_Activity_: All records that follow are to be copied exactly, with images omitted.

(Collected data)
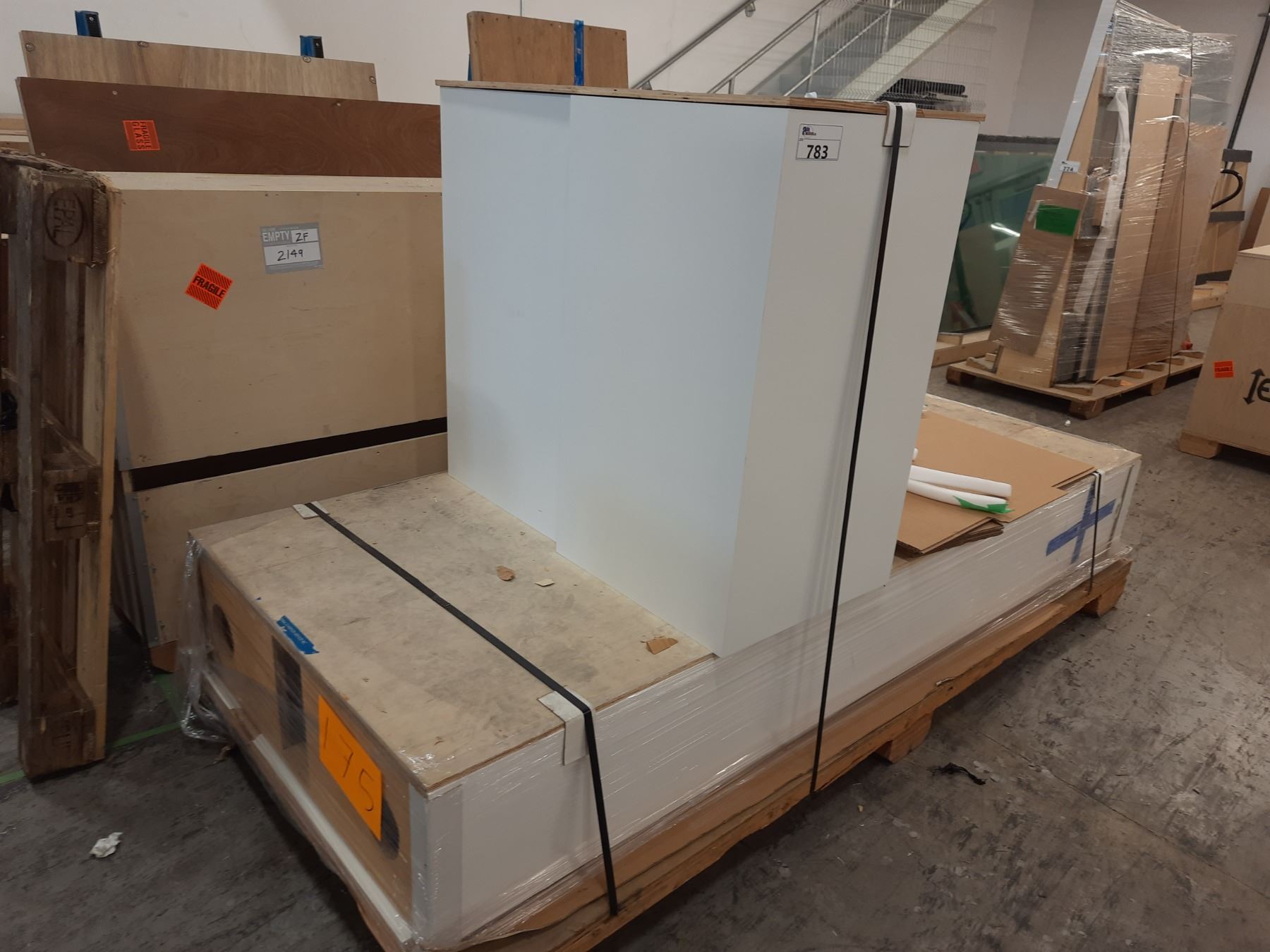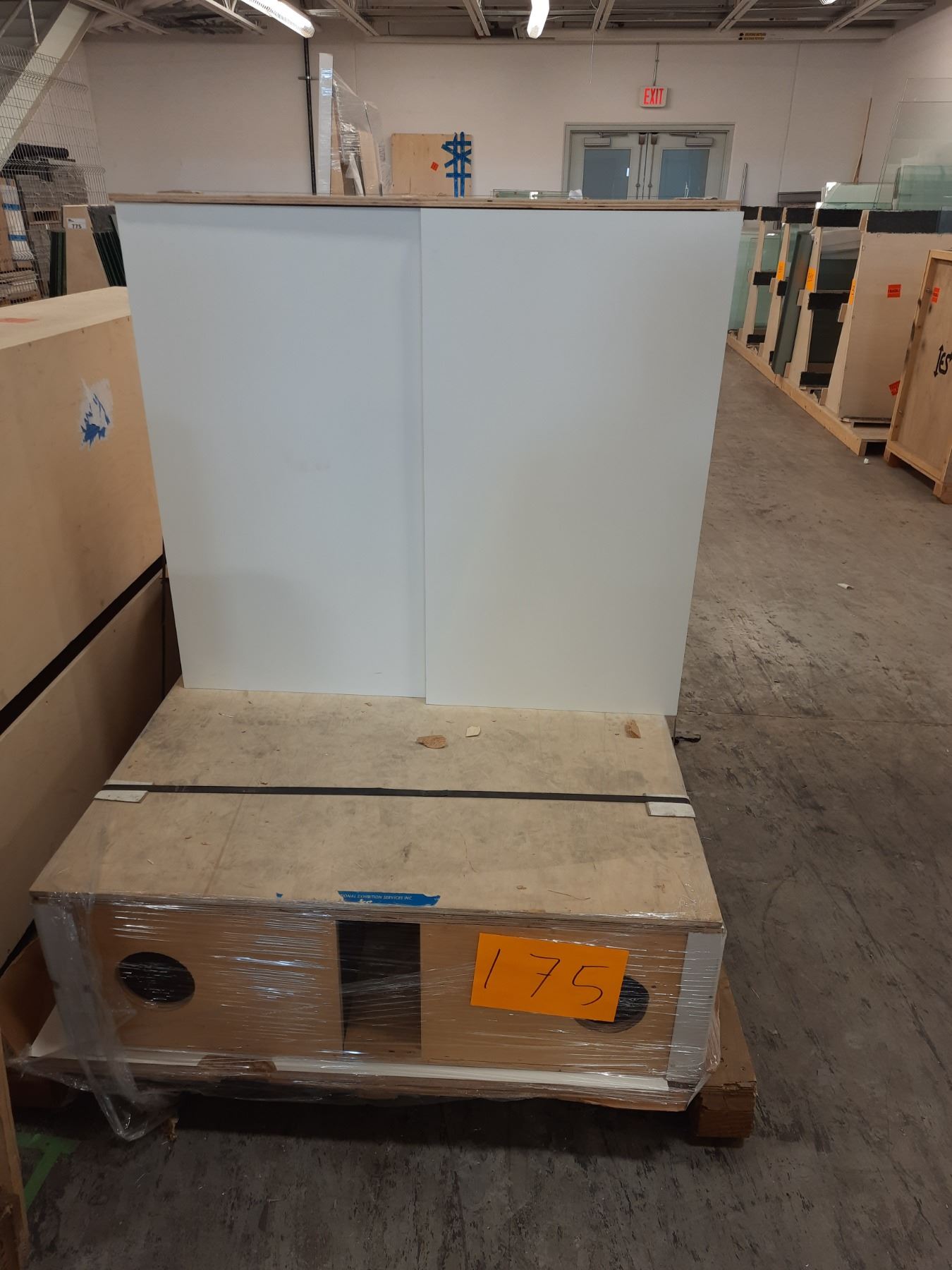SKID 175 - WHITE MONITOR PODIUM AND 2 PEDESTALS
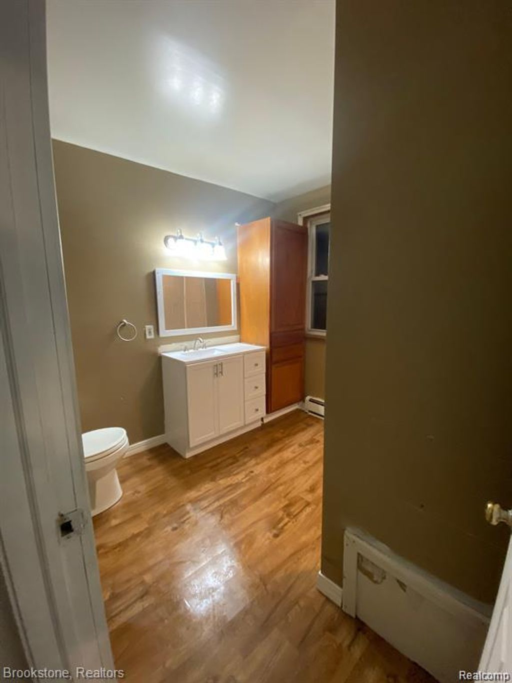Large farmhouse-style 2-story home features 1,755 sq feet, features new carpet and new waterproof vinyl floors! Large first-floor primary bedroom with additional side room to create either a large walk-in closet or primary full bath. 2 generously-sized bedrooms on the 2nd level. Full bath on main floor. Living room leads to the large kitchen with new dishwasher. Tons of room to create just the space YOU desire. Spacious family room across the back of the home, with door wall to back yard. Detached garage is 576 sq feet. Most of the home was freshly painted. New ceiling fans (w/remotes) and new light fixtures in most rooms. Occupancy is immediate. Roof, windows, electric & plumbing updated 2006. Boiler system has been updated by professional 2023. Newer HWH. This home has tons of space and is ready for your personalization! Come make it yours!
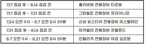 - 아래 일정에 따라 코스튬과 전용장비가 추가됩니다.
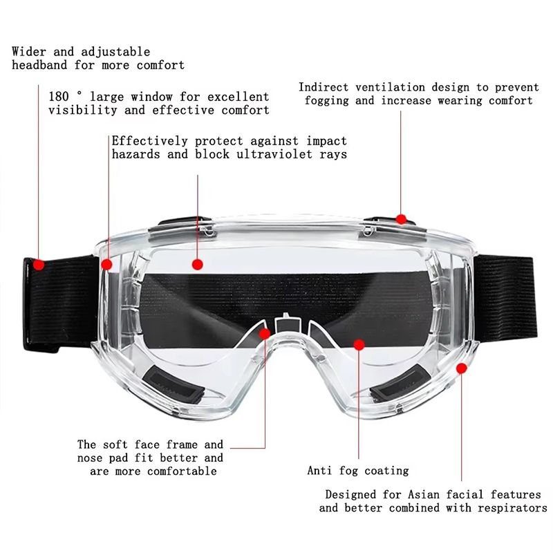 1. Anti-fog, Anti-scratch, Impact-resistant, Anti-splash, Dust-Proof, WInd-Proof.
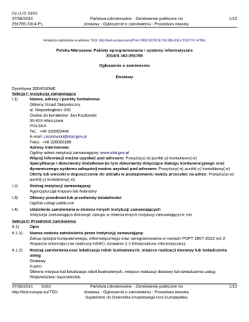 Dz.U./S S163 27/08/2014 291785-2014-PL Państwa członkowskie - Zamówienie publiczne na dostawy - Ogłoszenie o zamówieniu - Procedura otwarta 1/12 Niniejsze ogłoszenie w witrynie TED: http://ted.europa.eu/udl?uri=TED:NOTICE:291785-2014:TEXT:PL:HTML Polska-Warszawa: Pakiety oprogramowania i systemy informatyczne 2014/S 163-291785 Ogłoszenie o zamówieniu Dostawy Dyrektywa 2004/18/WE Sekcja I: Instytucja zamawiająca I.1) Nazwa, adresy i punkty kontaktowe Główny Urząd Statystyczny al. Niepodległości 208 Osoba do kontaktów: Jan Kozłowski 00-925 Warszawa POLSKA Tel.: +48 226083446 E-mail: [email protected] Faks: +48 226083189 Adresy internetowe: Ogólny adres instytucji zamawiającej: www.stat.gov.pl Więcej informacji można uzyskać pod adresem: Powyższy(-e) punkt(-y) kontaktowy(-e) Specyfikacje i dokumenty dodatkowe (w tym dokumenty dotyczące dialogu konkurencyjnego oraz dynamicznego systemu zakupów) można uzyskać pod adresem: Powyższy(-e) punkt(-y) kontaktowy(-e) Oferty lub wnioski o dopuszczenie do udziału w postępowaniu należy przesyłać na adres: Powyższy(-e) punkt(-y) kontaktowy(-e) I.2) Rodzaj instytucji zamawiającej Agencja/urząd krajowy lub federalny I.3) Główny przedmiot lub przedmioty działalności Ogólne usługi publiczne I.4) Udzielenie zamówienia w imieniu innych instytucji zamawiających Instytucja zamawiająca dokonuje zakupu w imieniu innych instytucji zamawiających: nie Sekcja II: Przedmiot zamówienia II.1) Opis II.1.1) Nazwa nadana zamówieniu przez instytucję zamawiającą: Zakup sprzętu komputerowego, informatycznego oraz oprogramowania w ramach POPT 2007-2013 (oś 2 Wsparcie informatyczne realizacji NSRO, działanie 2.2 Infrastruktura informatyczna). II.1.2) Rodzaj zamówienia oraz lokalizacja robót budowlanych, miejsce realizacji dostawy lub świadczenia usług Dostawy Kupno Główne miejsce lub lokalizacja robót budowlanych, miejsce realizacji dostawy lub świadczenia usług: Województwo mazowieckie. 27/08/2014 S163 http://ted.europa.eu/TED Państwa członkowskie - Zamówienie publiczne na dostawy - Ogłoszenie o zamówieniu - Procedura otwarta Suplement do Dziennika Urzędowego Unii Europejskiej 1/12 Dz.U./S S163 27/08/2014 291785-2014-PL Państwa członkowskie - Zamówienie publiczne na dostawy - Ogłoszenie o zamówieniu - Procedura otwarta 2/12 Kod NUTS PL12 II.1.3) Informacje na temat zamówienia publicznego, umowy ramowej lub dynamicznego systemu zakupów (DSZ) Ogłoszenie dotyczy zamówienia publicznego II.1.4) Informacje na temat umowy ramowej II.1.5) Krótki opis zamówienia lub zakupu I. Przedmiotem zamówienia jest zakup sprzętu komputerowego, informatycznego oraz oprogramowania w ramach POPT 2007-2013 (oś 2 Wsparcie informatyczne realizacji NSRO, działanie 2.2 Infrastruktura informatyczna). II. Przedmiot zamówienia obejmuje 2 części. Część nr 1: Dostawa oprogramowania w ramach projektu „Infrastruktura informatyczna na rzecz rozwoju systemu Strateg”. Przedmiot zamówienia obejmuje dostawę, w ramach projektu „Infrastruktura informatyczna na rzecz rozwoju systemu Strateg”, oprogramowania: 1) do tworzenia i obróbki dokumentów w formacie PDF - 14 szt. licencji oprogramowania (licencja bezterminowa); 2) do tworzenia grafiki komputerowej - 5 szt. licencji oprogramowania (licencja jednoroczna); 3) do zaawansowanej edycji filmów wideo - 4 szt. licencji oprogramowania (licencja bezterminowa); 4) narzędziowego do tworzenia wszelkiego rodzaju prezentacji i demonstracji szkoleniowych - 4 szt. licencji oprogramowania (licencja bezterminowa); 5) do testowania aplikacji - 1 szt. licencji oprogramowania (licencja z 3 letnią gwarancją otrzymywania aktualizacji); 6) do testowania aplikacji - 1 szt. licencji oprogramowania (licencja z 3 letnią gwarancją otrzymywania aktualizacji); 7) do testowania aplikacji - 2 szt. licencji oprogramowania (licencja z 1 roczną gwarancją otrzymywania aktualizacji); Część nr 2: Dostawa sprzętu komputerowego w ramach projektu „Infrastruktura informatyczna na rzecz rozwoju systemu Strateg”. Przedmiot zamówienia obejmuje dostawę, w ramach projektu „Infrastruktura informatyczna na rzecz rozwoju systemu Strateg”, następującego sprzętu komputerowego: 1) Zestaw komputerowy PC - 14 sztuk; 2) Monitor do Zestawu komputerowego PC - 14 sztuk; 3) Notebook z wyświetlaczem 15,6” – 7 sztuk; II.1.6) Wspólny Słownik Zamówień (CPV) 48000000, 48300000, 48322000, 48986000, 30213300, 30231300, 30213100 II.1.7) Informacje na temat Porozumienia w sprawie zamówień rządowych (GPA) Zamówienie jest objęte Porozumieniem w sprawie zamówień rządowych (GPA): nie II.1.8) Części To zamówienie podzielone jest na części: tak Oferty można składać w odniesieniu do wszystkich części II.1.9) Informacje o ofertach wariantowych Dopuszcza się składanie ofert wariantowych: nie II.2) Wielkość lub zakres zamówienia II.2.1) Całkowita wielkość lub zakres: Szacunkowa wartość bez VAT: 149 292,68 PLN 27/08/2014 S163 http://ted.europa.eu/TED Państwa członkowskie - Zamówienie publiczne na dostawy - Ogłoszenie o zamówieniu - Procedura otwarta Suplement do Dziennika Urzędowego Unii Europejskiej 2/12 Dz.U./S S163 27/08/2014 291785-2014-PL Państwa członkowskie - Zamówienie publiczne na dostawy - Ogłoszenie o zamówieniu - Procedura otwarta II.2.2) Informacje o opcjach Opcje: nie II.2.3) Informacje o wznowieniach Jest to zamówienie podlegające wznowieniu: nie II.3) Czas trwania zamówienia lub termin realizacji w dniach: 30 (od udzielenia zamówienia) 3/12 Informacje o częściach zamówienia Część nr: 1 Nazwa: Dostawa oprogramowania w ramach projektu „Infrastruktura informatyczna na rzecz rozwoju systemu Strateg”. 1) Krótki opis Przedmiot zamówienia obejmuje dostawę, w ramach projektu „Infrastruktura informatyczna na rzecz rozwoju systemu Strateg”, oprogramowania: 1) do tworzenia i obróbki dokumentów w formacie PDF - 14 szt. licencji oprogramowania (lice

_Final answer_:
SKID 175 - WHITE MONITOR PODIUM AND 2 PEDESTALS
Large farmhouse-style 2-story home features 1,755 sq feet, features new carpet and new waterproof vinyl floors! Large first-floor primary bedroom with additional side room to create either a large walk-in closet or primary full bath. 2 generously-sized bedrooms on the 2nd level. Full bath on main floor. Living room leads to the large kitchen with new dishwasher. Tons of room to create just the space YOU desire. Spacious family room across the back of the home, with door wall to back yard. Detached garage is 576 sq feet. Most of the home was freshly painted. New ceiling fans (w/remotes) and new light fixtures in most rooms. Occupancy is immediate. Roof, windows, electric & plumbing updated 2006. Boiler system has been updated by professional 2023. Newer HWH. This home has tons of space and is ready for your personalization! Come make it yours!
 - 아래 일정에 따라 코스튬과 전용장비가 추가됩니다.
 1. Anti-fog, Anti-scratch, Impact-resistant, Anti-splash, Dust-Proof, WInd-Proof.
 Dz.U./S S163 27/08/2014 291785-2014-PL Państwa członkowskie - Zamówienie publiczne na dostawy - Ogłoszenie o zamówieniu - Procedura otwarta 1/12 Niniejsze ogłoszenie w witrynie TED: http://ted.europa.eu/udl?uri=TED:NOTICE:291785-2014:TEXT:PL:HTML Polska-Warszawa: Pakiety oprogramowania i systemy informatyczne 2014/S 163-291785 Ogłoszenie o zamówieniu Dostawy Dyrektywa 2004/18/WE Sekcja I: Instytucja zamawiająca I.1) Nazwa, adresy i punkty kontaktowe Główny Urząd Statystyczny al. Niepodległości 208 Osoba do kontaktów: Jan Kozłowski 00-925 Warszawa POLSKA Tel.: +48 226083446 E-mail: [email protected] Faks: +48 226083189 Adresy internetowe: Ogólny adres instytucji zamawiającej: www.stat.gov.pl Więcej informacji można uzyskać pod adresem: Powyższy(-e) punkt(-y) kontaktowy(-e) Specyfikacje i dokumenty dodatkowe (w tym dokumenty dotyczące dialogu konkurencyjnego oraz dynamicznego systemu zakupów) można uzyskać pod adresem: Powyższy(-e) punkt(-y) kontaktowy(-e) Oferty lub wnioski o dopuszczenie do udziału w postępowaniu należy przesyłać na adres: Powyższy(-e) punkt(-y) kontaktowy(-e) I.2) Rodzaj instytucji zamawiającej Agencja/urząd krajowy lub federalny I.3) Główny przedmiot lub przedmioty działalności Ogólne usługi publiczne I.4) Udzielenie zamówienia w imieniu innych instytucji zamawiających Instytucja zamawiająca dokonuje zakupu w imieniu innych instytucji zamawiających: nie Sekcja II: Przedmiot zamówienia II.1) Opis II.1.1) Nazwa nadana zamówieniu przez instytucję zamawiającą: Zakup sprzętu komputerowego, informatycznego oraz oprogramowania w ramach POPT 2007-2013 (oś 2 Wsparcie informatyczne realizacji NSRO, działanie 2.2 Infrastruktura informatyczna). II.1.2) Rodzaj zamówienia oraz lokalizacja robót budowlanych, miejsce realizacji dostawy lub świadczenia usług Dostawy Kupno Główne miejsce lub lokalizacja robót budowlanych, miejsce realizacji dostawy lub świadczenia usług: Województwo mazowieckie. 27/08/2014 S163 http://ted.europa.eu/TED Państwa członkowskie - Zamówienie publiczne na dostawy - Ogłoszenie o zamówieniu - Procedura otwarta Suplement do Dziennika Urzędowego Unii Europejskiej 1/12 Dz.U./S S163 27/08/2014 291785-2014-PL Państwa członkowskie - Zamówienie publiczne na dostawy - Ogłoszenie o zamówieniu - Procedura otwarta 2/12 Kod NUTS PL12 II.1.3) Informacje na temat zamówienia publicznego, umowy ramowej lub dynamicznego systemu zakupów (DSZ) Ogłoszenie dotyczy zamówienia publicznego II.1.4) Informacje na temat umowy ramowej II.1.5) Krótki opis zamówienia lub zakupu I. Przedmiotem zamówienia jest zakup sprzętu komputerowego, informatycznego oraz oprogramowania w ramach POPT 2007-2013 (oś 2 Wsparcie informatyczne realizacji NSRO, działanie 2.2 Infrastruktura informatyczna). II. Przedmiot zamówienia obejmuje 2 części. Część nr 1: Dostawa oprogramowania w ramach projektu „Infrastruktura informatyczna na rzecz rozwoju systemu Strateg”. Przedmiot zamówienia obejmuje dostawę, w ramach projektu „Infrastruktura informatyczna na rzecz rozwoju systemu Strateg”, oprogramowania: 1) do tworzenia i obróbki dokumentów w formacie PDF - 14 szt. licencji oprogramowania (licencja bezterminowa); 2) do tworzenia grafiki komputerowej - 5 szt. licencji oprogramowania (licencja jednoroczna); 3) do zaawansowanej edycji filmów wideo - 4 szt. licencji oprogramowania (licencja bezterminowa); 4) narzędziowego do tworzenia wszelkiego rodzaju prezentacji i demonstracji szkoleniowych - 4 szt. licencji oprogramowania (licencja bezterminowa); 5) do testowania aplikacji - 1 szt. licencji oprogramowania (licencja z 3 letnią gwarancją otrzymywania aktualizacji); 6) do testowania aplikacji - 1 szt. licencji oprogramowania (licencja z 3 letnią gwarancją otrzymywania aktualizacji); 7) do testowania aplikacji - 2 szt. licencji oprogramowania (licencja z 1 roczną gwarancją otrzymywania aktualizacji); Część nr 2: Dostawa sprzętu komputerowego w ramach projektu „Infrastruktura informatyczna na rzecz rozwoju systemu Strateg”. Przedmiot zamówienia obejmuje dostawę, w ramach projektu „Infrastruktura informatyczna na rzecz rozwoju systemu Strateg”, następującego sprzętu komputerowego: 1) Zestaw komputerowy PC - 14 sztuk; 2) Monitor do Zestawu komputerowego PC - 14 sztuk; 3) Notebook z wyświetlaczem 15,6” – 7 sztuk; II.1.6) Wspólny Słownik Zamówień (CPV) 48000000, 48300000, 48322000, 48986000, 30213300, 30231300, 30213100 II.1.7) Informacje na temat Porozumienia w sprawie zamówień rządowych (GPA) Zamówienie jest objęte Porozumieniem w sprawie zamówień rządowych (GPA): nie II.1.8) Części To zamówienie podzielone jest na części: tak Oferty można składać w odniesieniu do wszystkich części II.1.9) Informacje o ofertach wariantowych Dopuszcza się składanie ofert wariantowych: nie II.2) Wielkość lub zakres zamówienia II.2.1) Całkowita wielkość lub zakres: Szacunkowa wartość bez VAT: 149 292,68 PLN 27/08/2014 S163 http://ted.europa.eu/TED Państwa członkowskie - Zamówienie publiczne na dostawy - Ogłoszenie o zamówieniu - Procedura otwarta Suplement do Dziennika Urzędowego Unii Europejskiej 2/12 Dz.U./S S163 27/08/2014 291785-2014-PL Państwa członkowskie - Zamówienie publiczne na dostawy - Ogłoszenie o zamówieniu - Procedura otwarta II.2.2) Informacje o opcjach Opcje: nie II.2.3) Informacje o wznowieniach Jest to zamówienie podlegające wznowieniu: nie II.3) Czas trwania zamówienia lub termin realizacji w dniach: 30 (od udzielenia zamówienia) 3/12 Informacje o częściach zamówienia Część nr: 1 Nazwa: Dostawa oprogramowania w ramach projektu „Infrastruktura informatyczna na rzecz rozwoju systemu Strateg”. 1) Krótki opis Przedmiot zamówienia obejmuje dostawę, w ramach projektu „Infrastruktura informatyczna na rzecz rozwoju systemu Strateg”, oprogramowania: 1) do tworzenia i obróbki dokumentów w formacie PDF - 14 szt. licencji oprogramowania (lice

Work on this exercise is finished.